Collecting transformers
  Downloading transformers-4.44.2-py3-none-any.whl.metadata (43 kB)
Collecting gradio
  Downloading gradio-4.43.0-py3-none-any.whl.metadata (15 kB)
Collecting huggingface-hub<1.0,>=0.23.2 (from transformers)
  Downloading huggingface_hub-0.24.6-py3-none-any.whl.metadata (13 kB)
Collecting regex!=2019.12.17 (from transformers)
  Downloading regex-2024.7.24-cp310-cp310-manylinux_2_17_x86_64.manylinux2014_x86_64.whl.metadata (40 kB)
Collecting safetensors>=0.4.1 (from transformers)
  Downloading safetensors-0.4.5-cp310-cp310-manylinux_2_17_x86_64.manylinux2014_x86_64.whl.metadata (3.8 kB)
Collecting tokenizers<0.20,>=0.19 (from transformers)
  Downloading tokenizers-0.19.1-cp310-cp310-manylinux_2_17_x86_64.manylinux2014_x86_64.whl.metadata (6.7 kB)
Collecting aiofiles<24.0,>=22.0 (from gradio)
  Downloading aiofiles-23.2.1-py3-none-any.whl.metadata (9.7 kB)
Collecting fastapi<0.113.0 (from gradio)
  Downloading fastapi-0.112.4-py3-none-any.whl.metadata (27 kB)
Coll

In [11]:
from transformers import pipeline
import gradio as gr
import os


In [17]:
# Initialize the summarization pipeline
get_completion = pipeline("summarization", model="facebook/bart-large-cnn")

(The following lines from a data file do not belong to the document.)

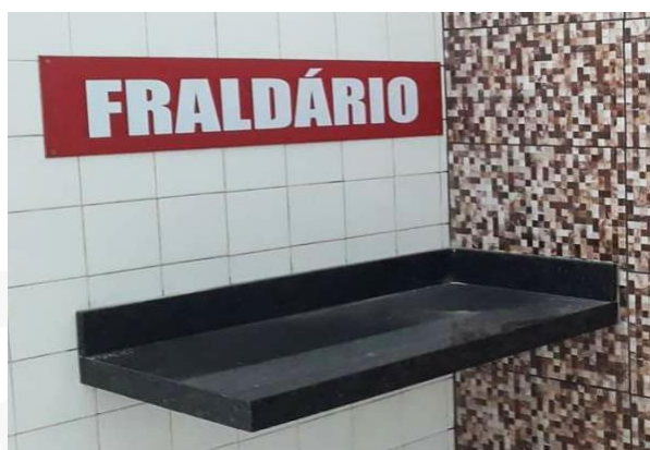
Figura 3 - Exemplo de pedra de granito instalada para ser utilizada como fraldário.
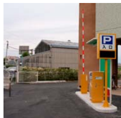
駐車場入口（駐車券をお取り下さい。）
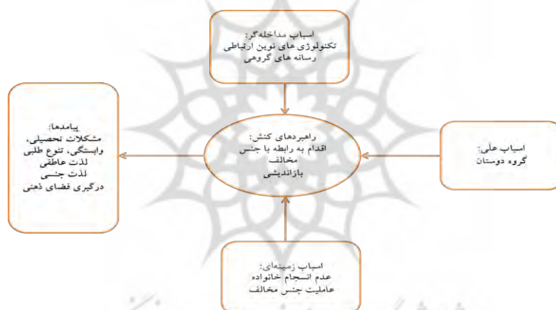
نمودار ۲. مدل پارادایمی تجربه نوجوانان از اسباب، تعاملات و پیامدهای ارتباط با جنس مخالف
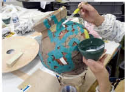
足りないところに石膏を入れて復元や補強をします
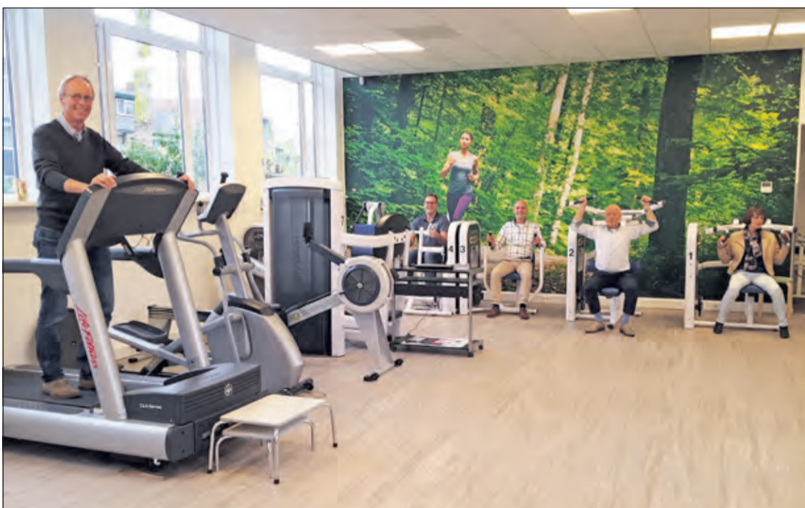
Het team brengt mensen graag weer in beweging.

Na meer dan 50 jaar Kerklaan is Fysiotherapie 'De Bilt' begin november verhuisd naar het Gezondheidscentrum De Bilt aan de Henrica van Erpweg 2b in De Bilt.
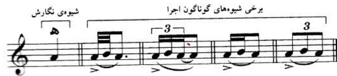
شکل ۳: برخی شیوه‌های گوناگون اجرای ناله

نالِه، که با حرف «ه» نشان داده می‌شود، شبیه کمانِ بالا است، با این تفاوت که در اجرای ناله، هر سه نغمه توسط یک انگشت دست چپ نواخته می‌شوند.
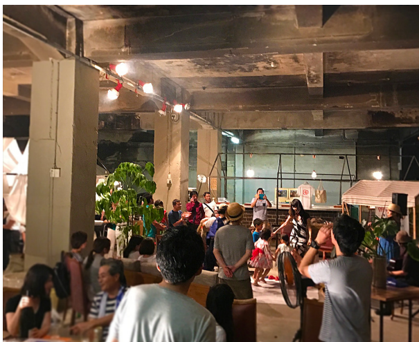
バーベキューコート
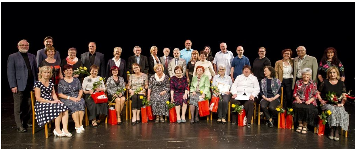
Absolventi hudebního oboru – Akademie pro seniory
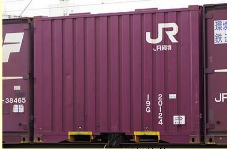
19G形コンテナ(新塗装)
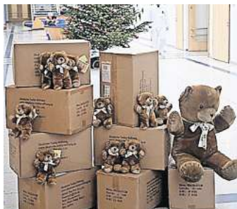
Die Trost-Teddys in der Ameos-Klinik in Eutin.

EUTIN/MALENTE. Der Lions-Club Eutin sammelt an zwei Sonnabenden, 2. und 9. Dezember, jeweils von 10 bis 13 Uhr im Famila-Markt in Eutin und im Malenter Rewe-Markt Spenden für die Trost-Teddys. Die Teddys werden kostenlos an Polizei, Rettungsdienste und die Ameos-Klinik Eutin weitergeleitet, damit sie Kindern in Notfallsituationen geschenkt werden können. „Ohne die Aufgeschlossenheit
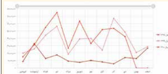
واردات عمان به ایران از سال ۹۸ تاکنون

شناخت زیادی از کالاهای ایرانی ندارند. بر اساس آمارهای موجود، آهن و فولاد، سوخت‌های فسیلی و زغال سنگ، محصولات روغنی، حیوانات زنده، غلات، انواع سبزیجات خوراکی و سیب زمینی، میوه و مرکبات، آجیل، خربزه و هندوانه، انواع نمک، گوگرد، خاک، سنگ آهک، گچ، سیمان، توتون و تنباکو، محصولات دریایی ماهی، صدف و سایر آبزیان در محصولات سرامیکی از دیگر حوزه‌هایی است که تاجران ایرانی می‌توانند صادرات خوبی به کشور عمان داشته باشند.
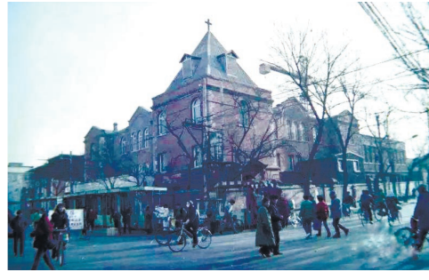
位于滨江道上的维斯理堂里的培才幼稚园和培才小学
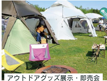
アウトドアグッズ展示・即売会
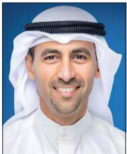
الشيخ نواف السعود

عملاتها لضمان أن يكون الانتقال إلى الكميات التعاقدية الكاملة سلساً وفعالاً ووفقاً للاتفاقيات ذات الصلة. وكان الرئيس التنفيذي لمؤسسة البترول الكويتية الشيخ نواف السعود قد صرح لوكالة بلومبرغ بأن الإصلاحات التي نفذتها الكويت تنتج لها تعزيز الإنتاج إلى مستويات ما قبل الحرب بوتيرة أسرع مما كان يعتقد سابقاً. وتابع: «مع توافر الشحن التجاري الدولي للوصول إلى الموانئ الكويتية، قد نتمكن من العودة إلى مستويات إنتاج ما قبل الحرب في غضون أسابيع».

# Function to split text into smaller chunks
def split_text_into_chunks(text, max_tokens=500):
    words = text.split()
    # Split the text into chunks
    chunks = [' '.join(words[i:i + max_tokens]) for i in range(0, len(words), max_tokens)]
    return chunks

# Generator function for streaming summarization with accumulation
def summarize(input):
    # Split input text into smaller chunks
    chunks = split_text_into_chunks(input, max_tokens=500)
    accumulated_summary = ""  # Initialize an empty string to accumulate the summaries
    # Process each chunk and yield accumulated summaries one by one
    for chunk in chunks:
        summary = get_completion(chunk)[0]['summary_text']
        accumulated_summary += summary + " "  # Accumulate each new summary with a space
        yield accumulated_summary  # Yield the accumulated summary



In [18]:
# Close any previous Gradio instances
gr.close_all()

# Create the Gradio interface with a submit button and streaming enabled
demo = gr.Interface(
    fn=summarize,
    inputs=gr.Textbox(
        lines=10,
        placeholder="Enter the text you want to summarize...",
        label="Input Text"
    ),
    outputs=gr.Textbox(
        lines=5,
        label="Summarized Text"
    ),
    title="Text Summarization with Facebook/bart-large-cnn",
    description="This app uses a state-of-the-art transformer model to summarize long texts into concise summaries. Enter your text in the input box, and click 'Submit' to get the summary.",
    examples=[
        "Artificial intelligence is a field of study that gives computers the ability to learn and perform tasks that require human intelligence, such as decision-making, visual perception, and speech recognition.",
        "Climate change is a long-term shift in weather patterns and average temperatures, mainly due to human activities such as burning fossil fuels and deforestation."
    ],
    theme="dark",  # Choose your preferred theme
    live=True  # Enable live mode for real-time streaming of output
)

# Launch the app
demo.launch(share=True, server_port=int(os.environ.get('PORT1', 7860)))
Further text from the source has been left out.